Information supplied.
────────
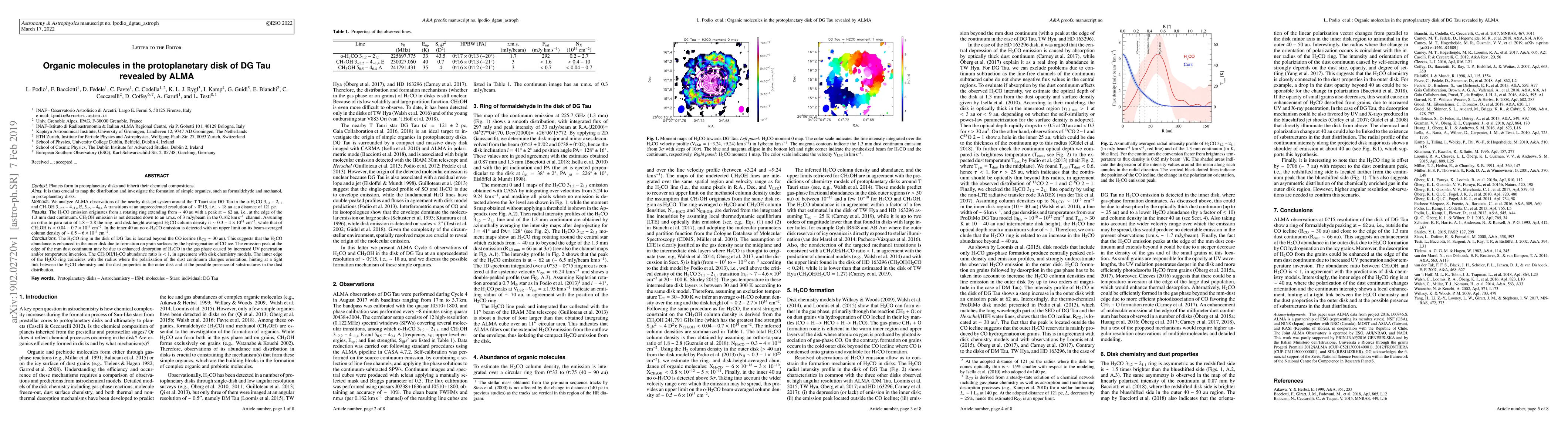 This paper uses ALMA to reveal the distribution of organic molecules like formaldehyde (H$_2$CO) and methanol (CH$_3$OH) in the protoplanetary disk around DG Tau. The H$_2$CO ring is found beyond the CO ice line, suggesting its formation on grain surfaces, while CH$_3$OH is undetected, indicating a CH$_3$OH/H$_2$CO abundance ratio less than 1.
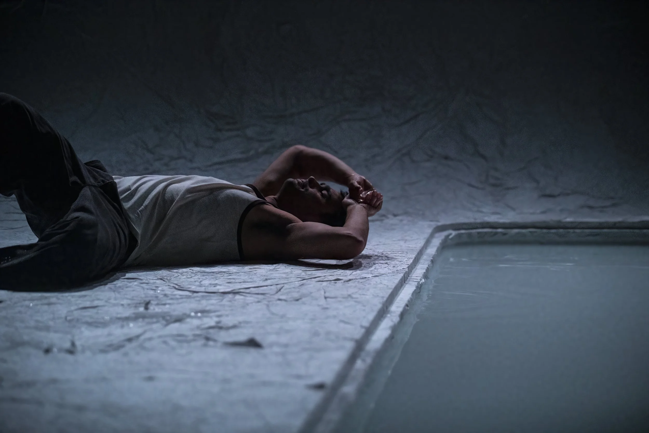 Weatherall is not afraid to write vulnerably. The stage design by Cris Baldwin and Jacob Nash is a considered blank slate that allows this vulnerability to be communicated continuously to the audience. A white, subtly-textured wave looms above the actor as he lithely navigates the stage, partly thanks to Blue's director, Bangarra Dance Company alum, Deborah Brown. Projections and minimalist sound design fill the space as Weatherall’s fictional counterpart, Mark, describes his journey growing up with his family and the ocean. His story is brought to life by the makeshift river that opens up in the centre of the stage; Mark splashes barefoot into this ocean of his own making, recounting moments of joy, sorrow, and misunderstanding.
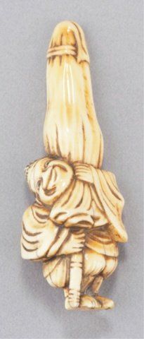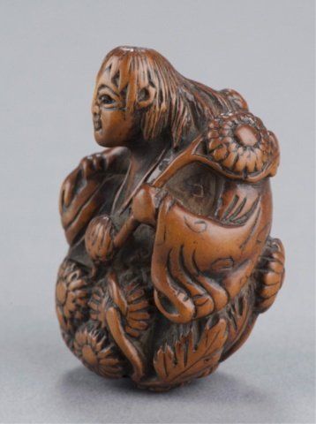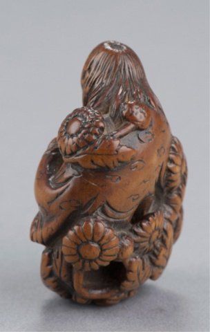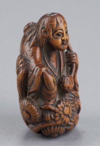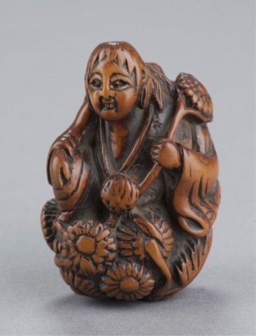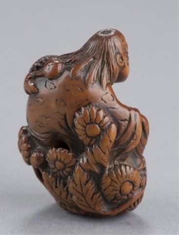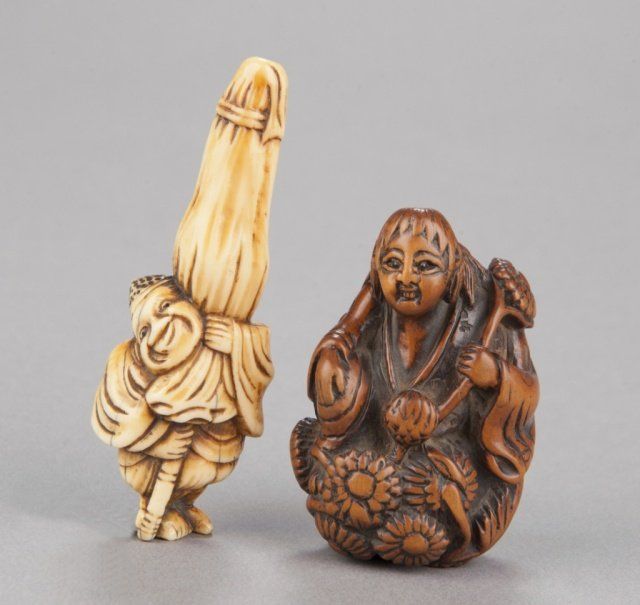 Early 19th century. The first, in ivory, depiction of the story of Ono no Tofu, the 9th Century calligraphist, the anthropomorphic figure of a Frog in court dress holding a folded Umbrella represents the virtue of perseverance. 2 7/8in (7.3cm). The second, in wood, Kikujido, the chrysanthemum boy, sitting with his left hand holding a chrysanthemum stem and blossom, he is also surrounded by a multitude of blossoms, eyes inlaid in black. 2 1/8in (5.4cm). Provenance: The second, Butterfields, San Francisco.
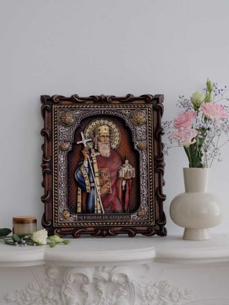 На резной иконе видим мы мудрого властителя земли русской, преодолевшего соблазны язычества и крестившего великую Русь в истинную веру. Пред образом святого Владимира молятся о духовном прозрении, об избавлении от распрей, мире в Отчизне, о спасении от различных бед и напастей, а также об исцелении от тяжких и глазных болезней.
────────
Requirement.
The listing above must be repeated exactly. Its pictures are not part of the copy.

Written solution.
 This paper uses ALMA to reveal the distribution of organic molecules like formaldehyde (H$_2$CO) and methanol (CH$_3$OH) in the protoplanetary disk around DG Tau. The H$_2$CO ring is found beyond the CO ice line, suggesting its formation on grain surfaces, while CH$_3$OH is undetected, indicating a CH$_3$OH/H$_2$CO abundance ratio less than 1.
 Weatherall is not afraid to write vulnerably. The stage design by Cris Baldwin and Jacob Nash is a considered blank slate that allows this vulnerability to be communicated continuously to the audience. A white, subtly-textured wave looms above the actor as he lithely navigates the stage, partly thanks to Blue's director, Bangarra Dance Company alum, Deborah Brown. Projections and minimalist sound design fill the space as Weatherall’s fictional counterpart, Mark, describes his journey growing up with his family and the ocean. His story is brought to life by the makeshift river that opens up in the centre of the stage; Mark splashes barefoot into this ocean of his own making, recounting moments of joy, sorrow, and misunderstanding.
 Early 19th century. The first, in ivory, depiction of the story of Ono no Tofu, the 9th Century calligraphist, the anthropomorphic figure of a Frog in court dress holding a folded Umbrella represents the virtue of perseverance. 2 7/8in (7.3cm). The second, in wood, Kikujido, the chrysanthemum boy, sitting with his left hand holding a chrysanthemum stem and blossom, he is also surrounded by a multitude of blossoms, eyes inlaid in black. 2 1/8in (5.4cm). Provenance: The second, Butterfields, San Francisco.
 На резной иконе видим мы мудрого властителя земли русской, преодолевшего соблазны язычества и крестившего великую Русь в истинную веру. Пред образом святого Владимира молятся о духовном прозрении, об избавлении от распрей, мире в Отчизне, о спасении от различных бед и напастей, а также об исцелении от тяжких и глазных болезней.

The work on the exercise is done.